As mentioned above, in some embodiments, engaging the upper housing with the lower complex causes the upper housing arms to contact the spring and stress the second spring portion or second stress area of the spring. This causes tension from force/bias that tends to move the upper housing arms (and thus, the upper housing) away from the lower complex. When the tail of the tongue is actuated to disengage the catch/tongue complex, the tension is released, and these counter-forces act to move the upper housing away from the lower complex. Thus, in some embodiments, the invention additionally provides the advantage of aiding the release of the latch and thus, facilitates convenient “unsecuring” of any objects secured by the latch.

These and other objects, features, and advantages of the invention will be apparent through the detailed description of the drawings attached hereto. It is also to be understood that both the foregoing summary and the following detailed description are exemplary and not restrictive of the scope of the invention.

BRIEF DESCRIPTION OF THE DRAWINGS

FIG. 1 illustrates an automatic latch according to an embodiment of the invention.

FIG. 2 illustrates an exploded view of an automatic latch according to an embodiment of the invention.
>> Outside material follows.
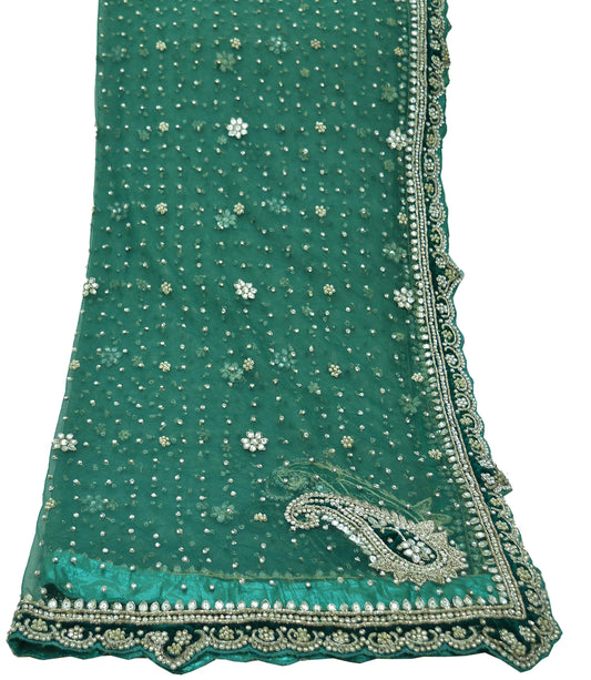 Indian Vintage Heavy Bottle Green Dupatta Net Mesh Long Stole Hand Embroidered Scarves Golden Zardozi Zari Sequins

FIGS. 3A-3C illustrate multiple views of a tongue according to an embodiment of the invention.

FIGS. 4A-4C illustrate multiple views of a lower housing according to an embodiment of the invention.

FIGS. 5A-5D illustrate multiple views of a spring according to an embodiment of the invention.
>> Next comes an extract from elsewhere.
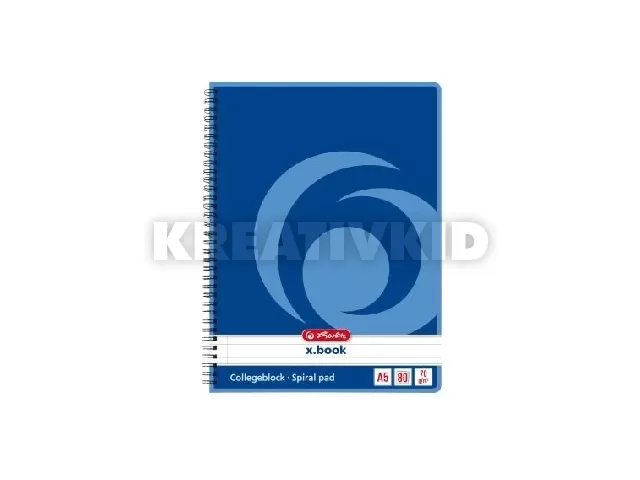A5-ös méretű 80 lapos vonalas spirálfüzet, 70g/m2-es famentes belívvel, lyukasztott, perforált lapokkal, ikerspirállal, lekerekített sarkokkal.

FIGS. 6A-6O illustrate multiple views of an automatic latch in various stages of engagement according to an embodiment of the invention (FIGS. 6B, 6C, 6E, 6F, 6H, 6I, 6K, 6L, 6N, and 6O being cross sectional views).

FIG. 7 illustrates an example of an automatic latch on a toolbox according to an embodiment of the invention.

DETAILED DESCRIPTION OF THE INVENTION

The invention provides an automatic latch. The automatic latch of the invention enables a first object and a second object that are movable relative to one another to be secured together using a single motion. For example, a box lid that is movable relative to a box body can be secured to the box body via the latch of the invention using only a single motion. The single motion causes a catch portion of the latch attached to the box lid to engage a tongue portion of the latch that is attached to the box body, forming a catch/tongue complex. A first spring portion of the latch then provides tension to hold the catch/tongue complex in place so that the box lid and the box body are secured together and remain secured until the latch is intentionally released. In some embodiments, a second spring portion also provides tension tending to separate/release the catch/tongue complex when the latch is intentionally released.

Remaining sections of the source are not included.